Dante's Inferno, Purgatorio, and Paradiso.
Illustrated by Sandow Birk with text by Marcus Sanders.
Brisbane: Trillium Press, 2003-2004.

Acquired in part through the Walter Johnson and Morgan A. and Aline D. Gunst Funds.

These three volumes constitute a contemporary and dynamic twist to the three canticles of Dante's classic, the Divine Comedy. Birk, inspired by the nineteenth-century engravings by Gustave Doré, situates the Inferno (Hell) in the urban pathos of modern-day Los Angeles; Purgatorio (Purgatory) within the confines of twenty-first century San Francisco; and Paradiso (Paradise) in contemporary New York City. The writer Sanders composes a loose translation of Dante's cantos laced with popular American vernacular. The references to popular culture, however, are not limited to language: politicians and religious personalities such as Bill Clinton and Jimmy Swaggart appear as stand-ins for Dante's lovers in hell.

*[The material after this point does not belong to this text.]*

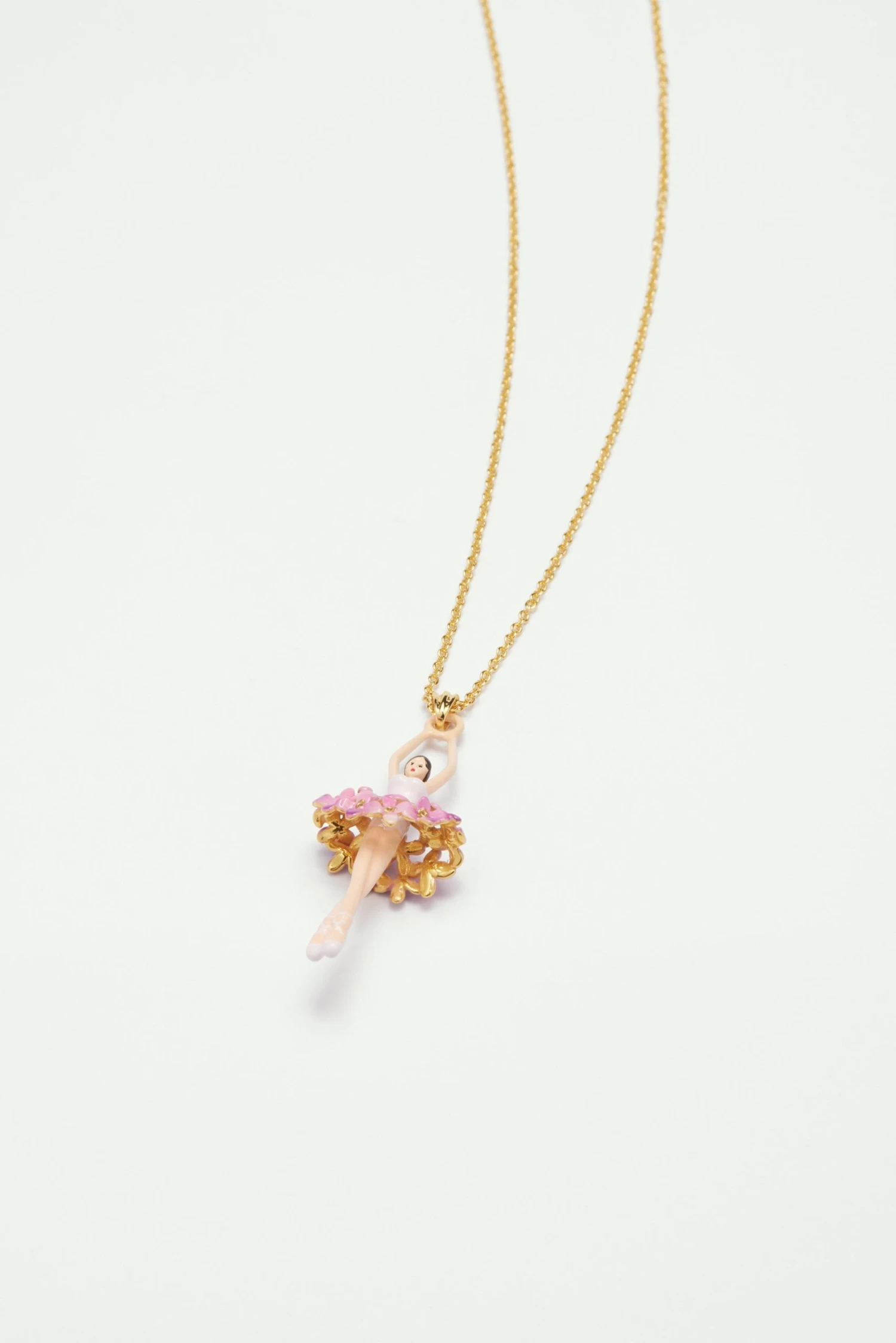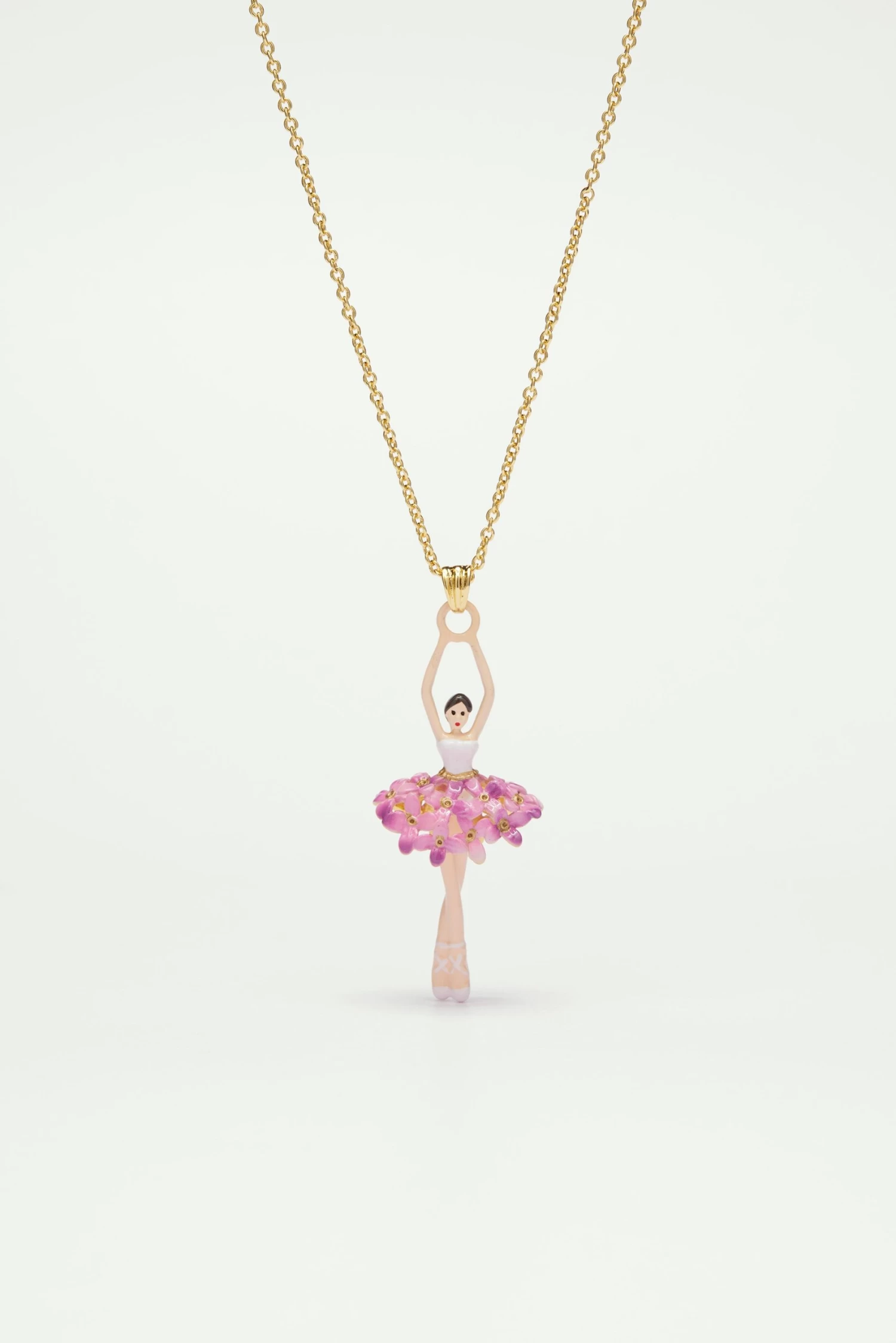 Collier avec pendentif ballerine, jupon formé par plusieurs fleurs de lilas roses, chaine en laiton doré à l’or fin.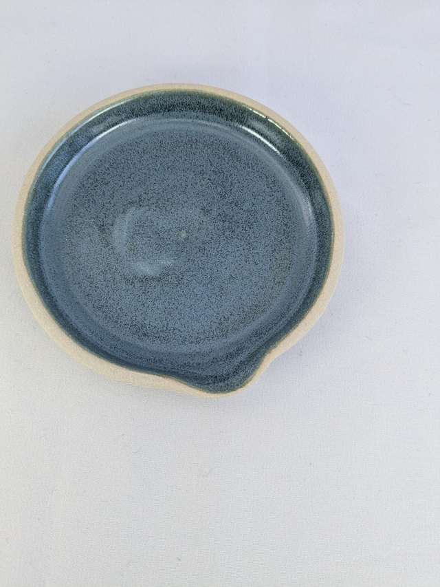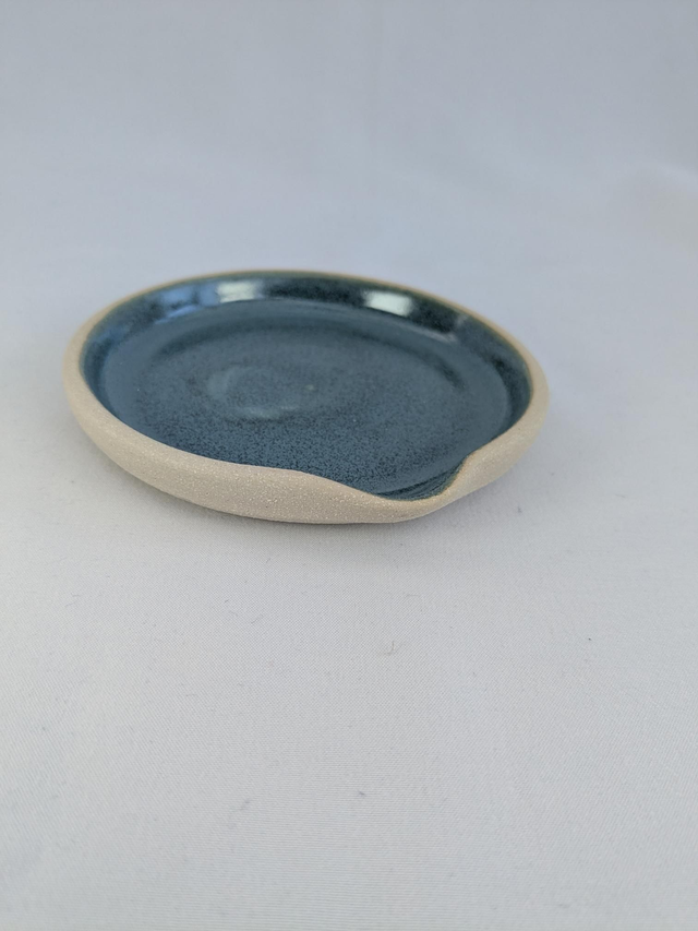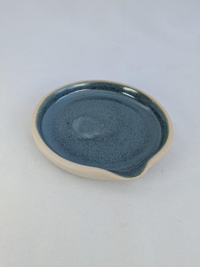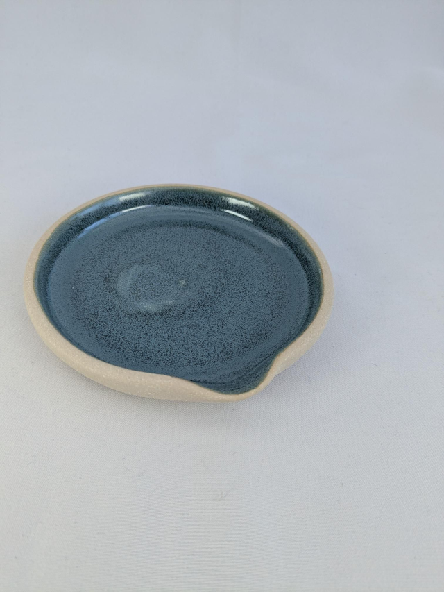 Handmade teal stoneware spoon rest. Approximately 10cm wide, 1cm high.

Images of urban wastelands, the detritus of commercialism, and the alienated microcosms found under freeway overpasses blend with the text to form satirical commentaries on American culture, society, and our urban environments. Each volume contains approximately seventy hand-drawn lithographs. The volumes are bound in leather with gold stamping and were published in editions of one hundred each.